* [The task]:
Any pictures should be dropped; everything else in the records is to be returned exactly.
....
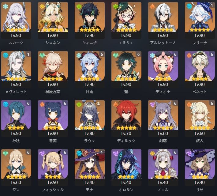 ラウマ スカーク シロネン キィニチ エミリエ アルレッキーノ フリーナ ヌヴィレット 胡桃 蒼耀 ルミドゥースの挽歌 赤月のシルエット 若水
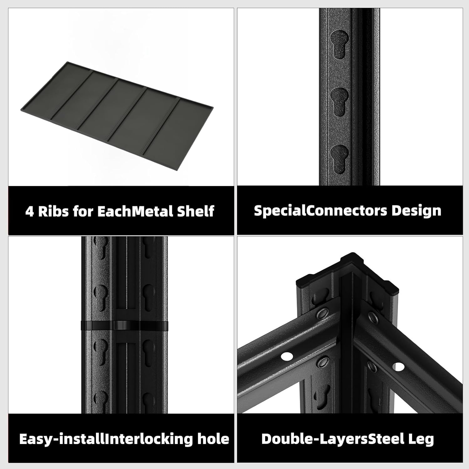 - 5 Tier Metal Shelf Unit: The garage shelves are constructed with reinforced, double-layered uprights that deliver exceptional load-bearing capacity, ensuring long-term use and stability. Each shelf incorporates 3 reinforcing rods , enhancing stability and ensuring even weight distribution for the safe storage of heavy items.
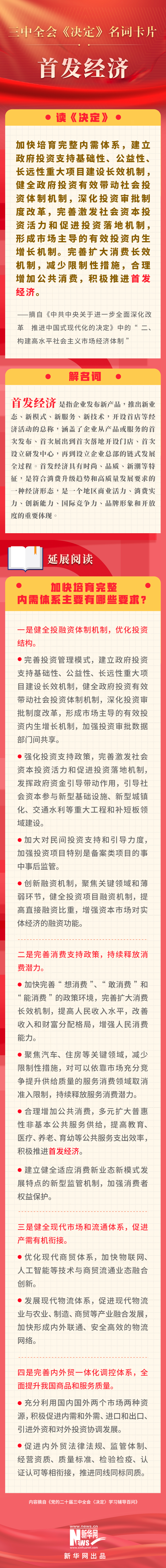 黨的二十屆三中全會審議通過了《中共中央關(guān)于進(jìn)一步全面深化改革、推進(jìn)中國式現(xiàn)代化的決定》。新華網(wǎng)依據(jù)《黨的二十屆三中全會〈決定〉學(xué)習(xí)輔導(dǎo)百問》,制作三中全會《決定》系列名詞卡片,和大家一起來深入學(xué)習(xí)領(lǐng)會二十屆三中全會精神。本期名詞是“首發(fā)經(jīng)濟(jì)”。
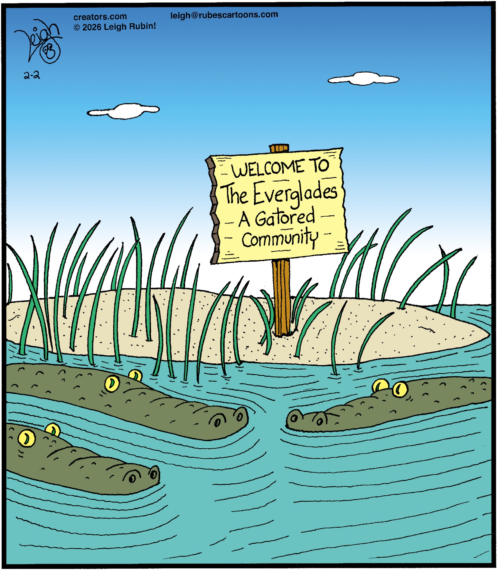 Talking cows, less-than-bright kids, and multiple varieties of flora and fauna make their appearance in the witty offbeat cartoon panel "Rubes" by Leigh Rubin. Rubin’s hilarious cast of characters and absurd view of the world have made "Rubes" a favorite with readers everywhere. Creators Syndicate
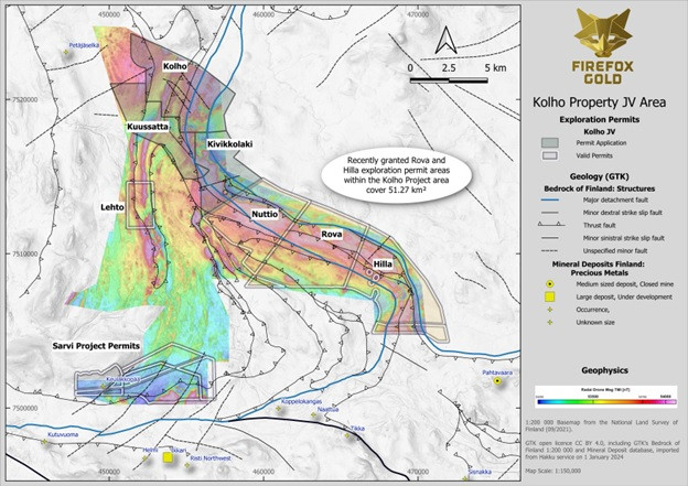 During 2024, the Finnish Safety and Chemicals Agency (TUKES) granted two additional exploration permits within the Kolho Property, southeast of Nuttio: Rova and Hilla. Together, these newly approved permits cover approximately 51 km2 along the major thrusted contact zone (Figure 3). Three additional applications for exploration permits, to the north of Nuttio, remain in progress at Kolho.
....
* [Finished exercise]:
 ラウマ スカーク シロネン キィニチ エミリエ アルレッキーノ フリーナ ヌヴィレット 胡桃 蒼耀 ルミドゥースの挽歌 赤月のシルエット 若水
 - 5 Tier Metal Shelf Unit: The garage shelves are constructed with reinforced, double-layered uprights that deliver exceptional load-bearing capacity, ensuring long-term use and stability. Each shelf incorporates 3 reinforcing rods , enhancing stability and ensuring even weight distribution for the safe storage of heavy items.
 黨的二十屆三中全會審議通過了《中共中央關(guān)于進(jìn)一步全面深化改革、推進(jìn)中國式現(xiàn)代化的決定》。新華網(wǎng)依據(jù)《黨的二十屆三中全會〈決定〉學(xué)習(xí)輔導(dǎo)百問》,制作三中全會《決定》系列名詞卡片,和大家一起來深入學(xué)習(xí)領(lǐng)會二十屆三中全會精神。本期名詞是“首發(fā)經(jīng)濟(jì)”。
 Talking cows, less-than-bright kids, and multiple varieties of flora and fauna make their appearance in the witty offbeat cartoon panel "Rubes" by Leigh Rubin. Rubin’s hilarious cast of characters and absurd view of the world have made "Rubes" a favorite with readers everywhere. Creators Syndicate
 During 2024, the Finnish Safety and Chemicals Agency (TUKES) granted two additional exploration permits within the Kolho Property, southeast of Nuttio: Rova and Hilla. Together, these newly approved permits cover approximately 51 km2 along the major thrusted contact zone (Figure 3). Three additional applications for exploration permits, to the north of Nuttio, remain in progress at Kolho.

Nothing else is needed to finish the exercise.